Give the listing again exactly, omitting its images.

• _Material provided_
* * * * * * *
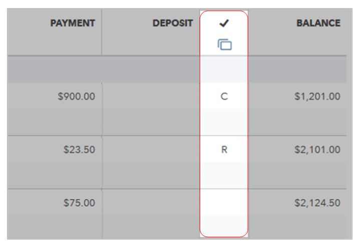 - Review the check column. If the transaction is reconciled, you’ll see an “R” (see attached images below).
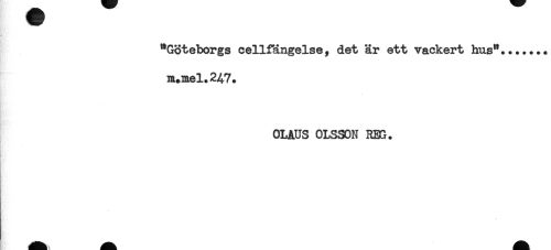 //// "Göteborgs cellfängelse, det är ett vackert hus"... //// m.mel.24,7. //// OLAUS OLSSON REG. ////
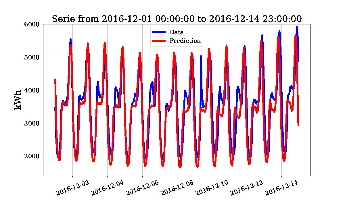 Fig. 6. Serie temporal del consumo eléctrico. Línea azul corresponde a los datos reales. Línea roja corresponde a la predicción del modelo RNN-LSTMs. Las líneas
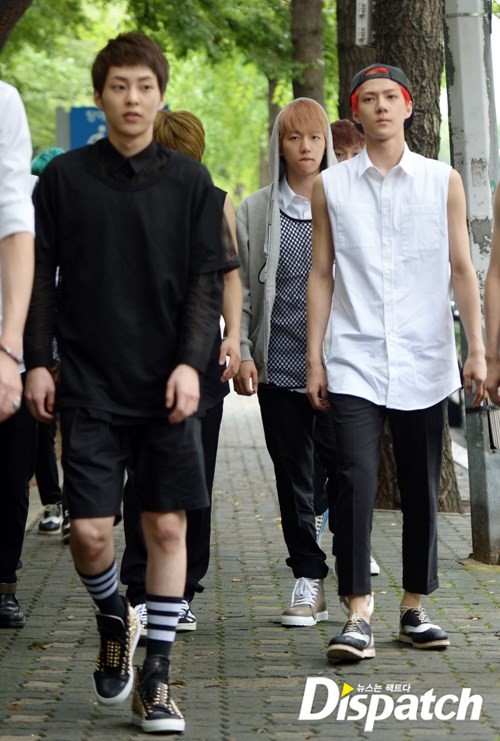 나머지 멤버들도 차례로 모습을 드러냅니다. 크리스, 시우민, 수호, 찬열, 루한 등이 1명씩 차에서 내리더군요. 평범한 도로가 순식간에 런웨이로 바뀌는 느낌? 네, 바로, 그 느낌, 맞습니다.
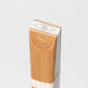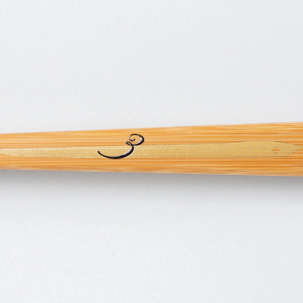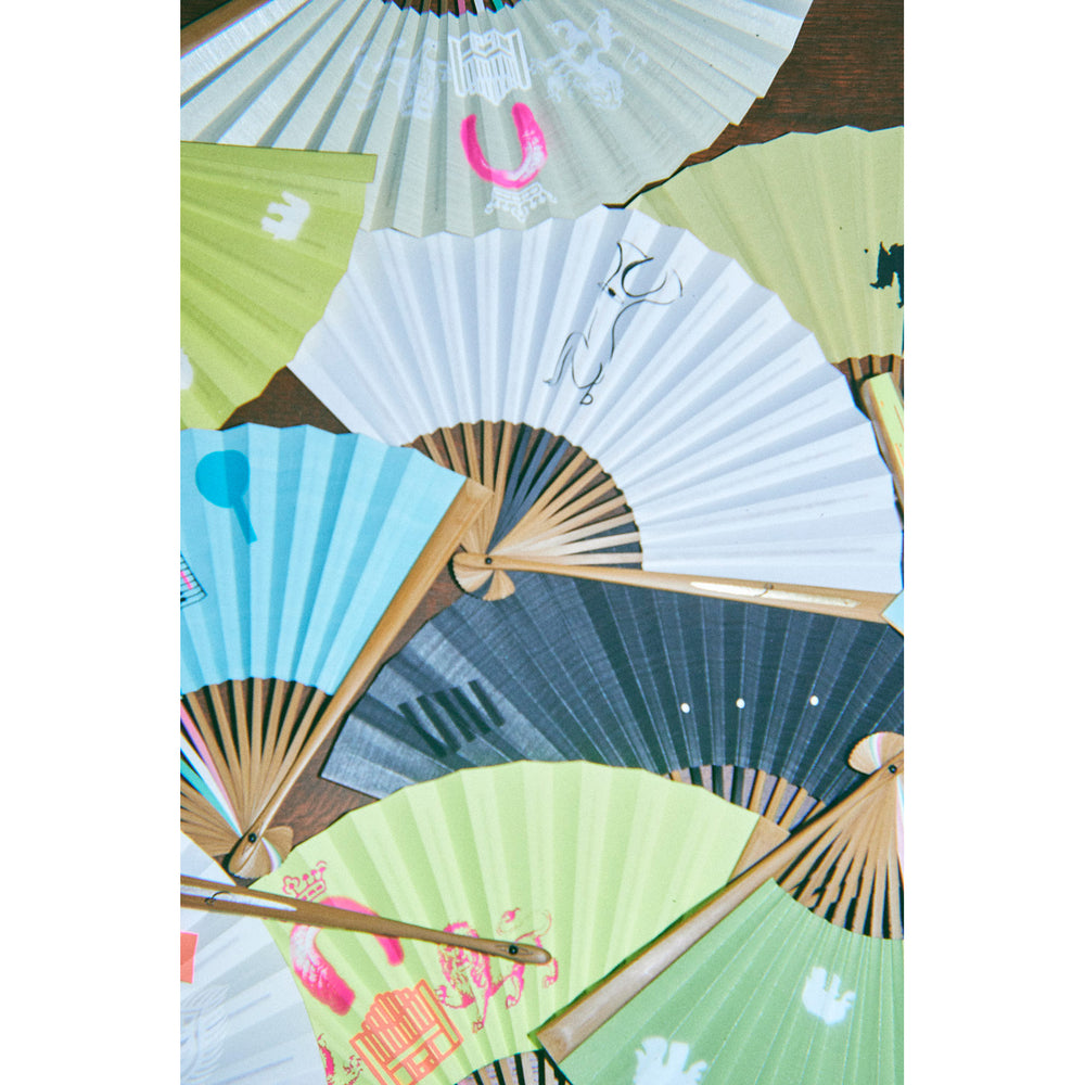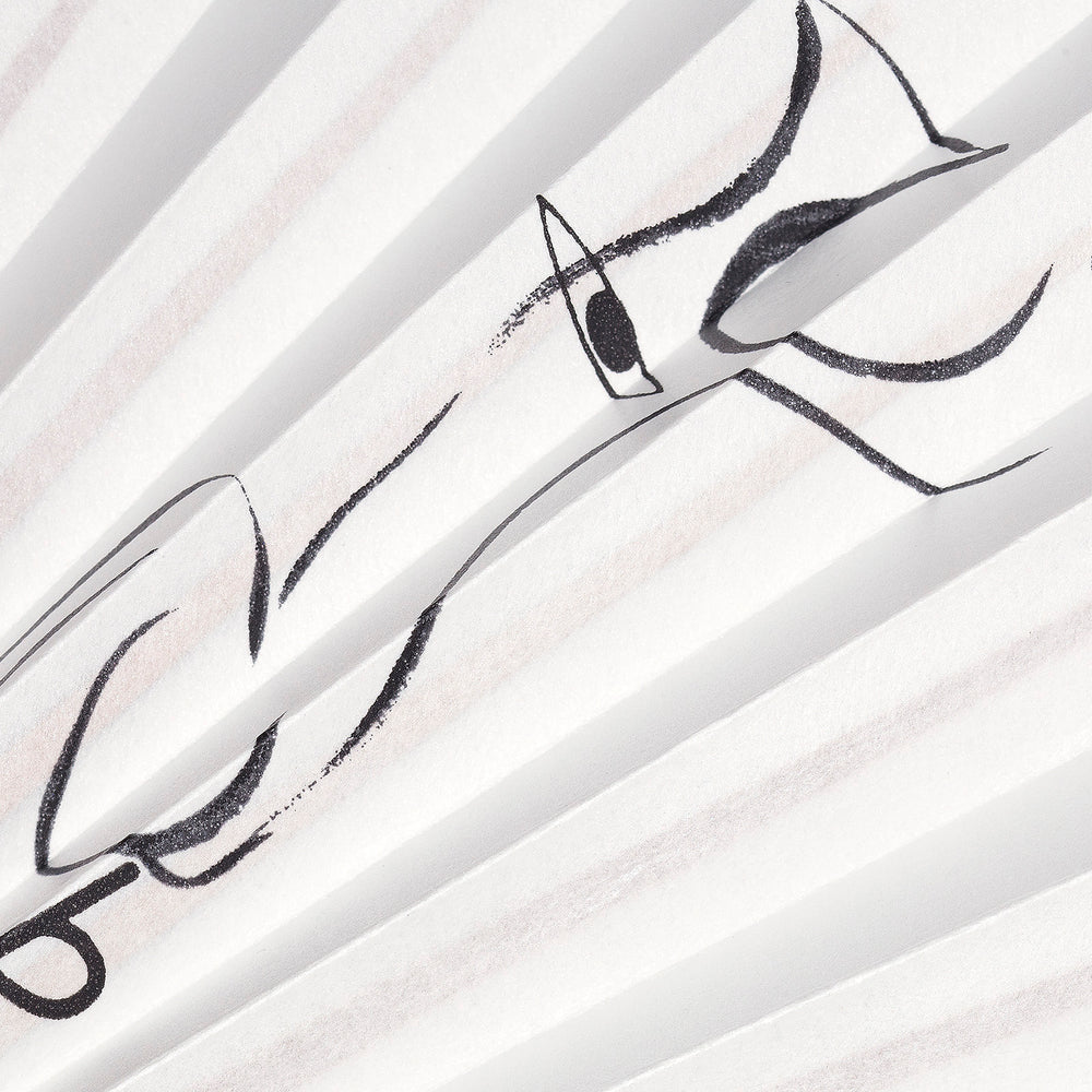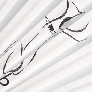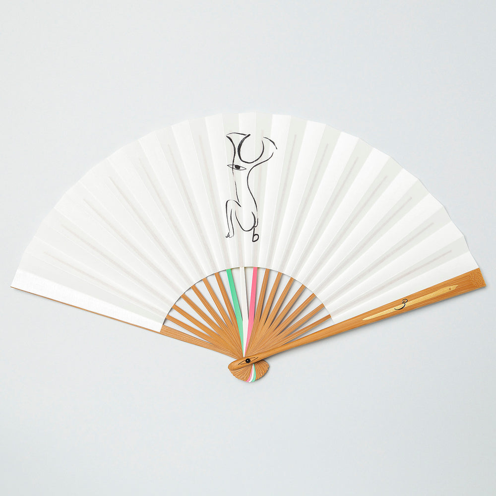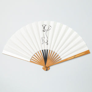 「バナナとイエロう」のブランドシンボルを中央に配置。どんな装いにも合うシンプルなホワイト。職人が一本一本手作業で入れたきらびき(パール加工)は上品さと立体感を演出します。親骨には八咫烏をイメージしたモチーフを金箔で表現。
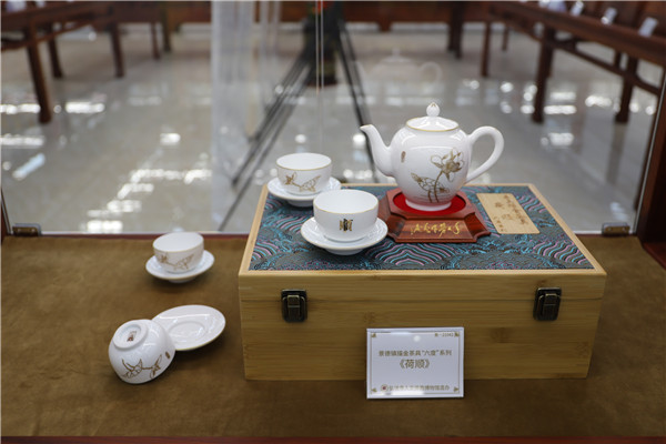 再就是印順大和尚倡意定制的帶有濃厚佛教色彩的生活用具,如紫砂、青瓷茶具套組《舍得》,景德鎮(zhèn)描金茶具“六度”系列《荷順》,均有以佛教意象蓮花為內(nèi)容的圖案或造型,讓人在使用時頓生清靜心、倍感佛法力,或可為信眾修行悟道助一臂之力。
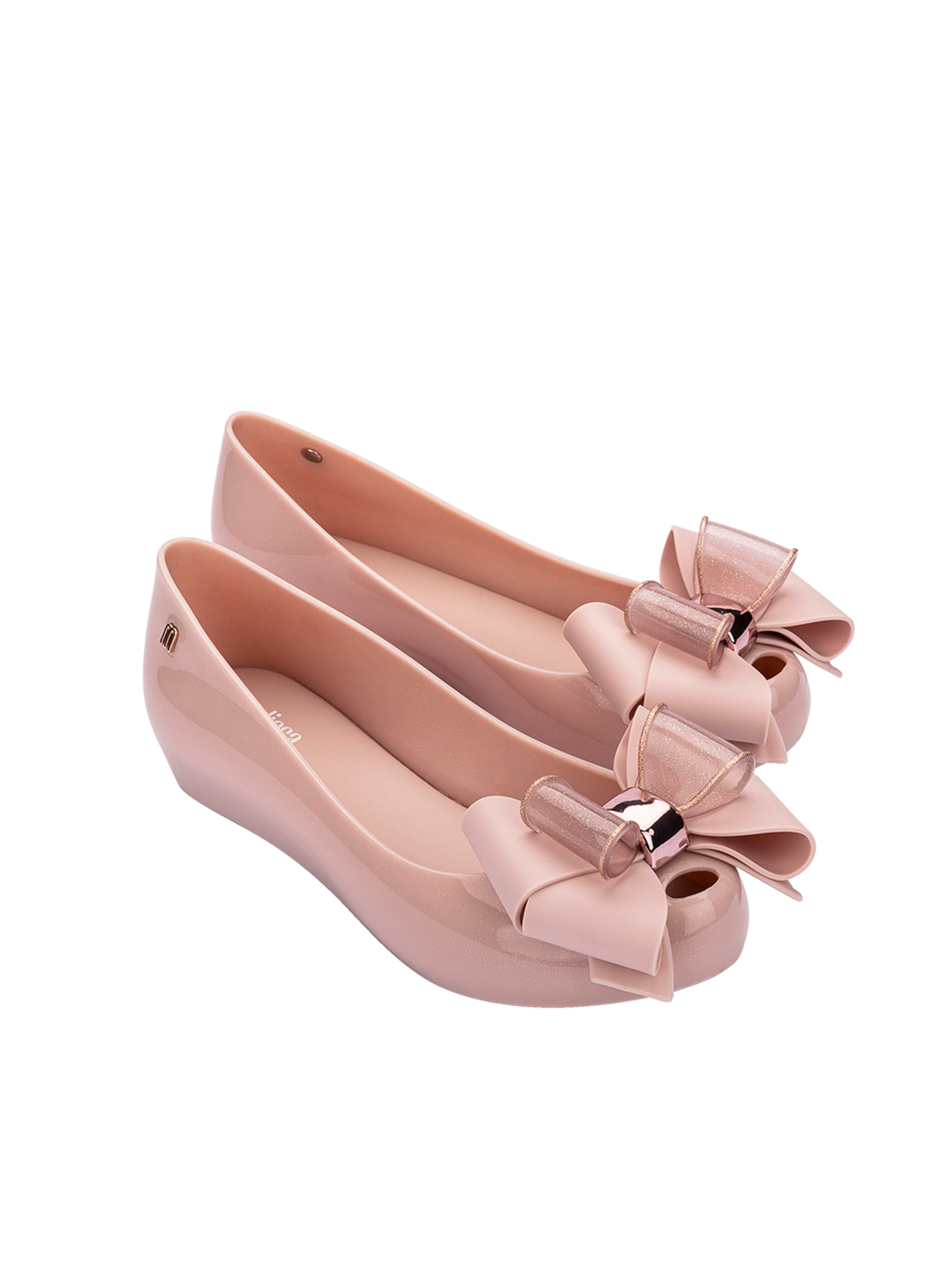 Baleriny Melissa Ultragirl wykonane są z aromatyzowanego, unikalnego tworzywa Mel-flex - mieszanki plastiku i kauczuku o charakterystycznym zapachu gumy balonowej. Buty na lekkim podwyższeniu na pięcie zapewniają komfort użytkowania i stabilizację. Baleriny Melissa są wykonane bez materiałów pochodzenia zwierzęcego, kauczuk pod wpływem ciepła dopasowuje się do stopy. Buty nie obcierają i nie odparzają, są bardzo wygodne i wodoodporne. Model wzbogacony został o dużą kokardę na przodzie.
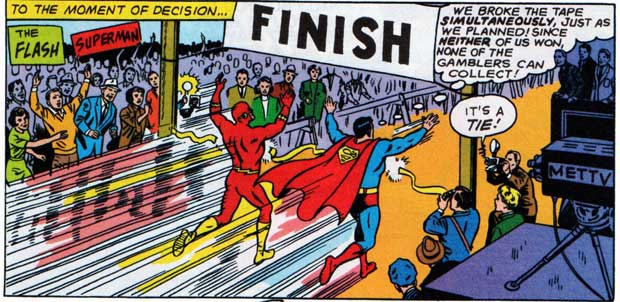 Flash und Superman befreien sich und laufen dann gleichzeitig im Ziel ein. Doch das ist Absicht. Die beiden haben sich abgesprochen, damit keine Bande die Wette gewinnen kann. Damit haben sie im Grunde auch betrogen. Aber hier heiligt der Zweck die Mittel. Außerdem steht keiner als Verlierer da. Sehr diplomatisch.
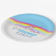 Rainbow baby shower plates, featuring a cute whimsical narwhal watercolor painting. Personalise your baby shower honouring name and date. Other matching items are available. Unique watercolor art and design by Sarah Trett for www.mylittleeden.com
* * * * * * *
• _Written answer_
 - Review the check column. If the transaction is reconciled, you’ll see an “R” (see attached images below).
 //// "Göteborgs cellfängelse, det är ett vackert hus"... //// m.mel.24,7. //// OLAUS OLSSON REG. ////
 Fig. 6. Serie temporal del consumo eléctrico. Línea azul corresponde a los datos reales. Línea roja corresponde a la predicción del modelo RNN-LSTMs. Las líneas
 나머지 멤버들도 차례로 모습을 드러냅니다. 크리스, 시우민, 수호, 찬열, 루한 등이 1명씩 차에서 내리더군요. 평범한 도로가 순식간에 런웨이로 바뀌는 느낌? 네, 바로, 그 느낌, 맞습니다.
 「バナナとイエロう」のブランドシンボルを中央に配置。どんな装いにも合うシンプルなホワイト。職人が一本一本手作業で入れたきらびき(パール加工)は上品さと立体感を演出します。親骨には八咫烏をイメージしたモチーフを金箔で表現。
 再就是印順大和尚倡意定制的帶有濃厚佛教色彩的生活用具,如紫砂、青瓷茶具套組《舍得》,景德鎮(zhèn)描金茶具“六度”系列《荷順》,均有以佛教意象蓮花為內(nèi)容的圖案或造型,讓人在使用時頓生清靜心、倍感佛法力,或可為信眾修行悟道助一臂之力。
 Baleriny Melissa Ultragirl wykonane są z aromatyzowanego, unikalnego tworzywa Mel-flex - mieszanki plastiku i kauczuku o charakterystycznym zapachu gumy balonowej. Buty na lekkim podwyższeniu na pięcie zapewniają komfort użytkowania i stabilizację. Baleriny Melissa są wykonane bez materiałów pochodzenia zwierzęcego, kauczuk pod wpływem ciepła dopasowuje się do stopy. Buty nie obcierają i nie odparzają, są bardzo wygodne i wodoodporne. Model wzbogacony został o dużą kokardę na przodzie.
 Flash und Superman befreien sich und laufen dann gleichzeitig im Ziel ein. Doch das ist Absicht. Die beiden haben sich abgesprochen, damit keine Bande die Wette gewinnen kann. Damit haben sie im Grunde auch betrogen. Aber hier heiligt der Zweck die Mittel. Außerdem steht keiner als Verlierer da. Sehr diplomatisch.
 Rainbow baby shower plates, featuring a cute whimsical narwhal watercolor painting. Personalise your baby shower honouring name and date. Other matching items are available. Unique watercolor art and design by Sarah Trett for www.mylittleeden.com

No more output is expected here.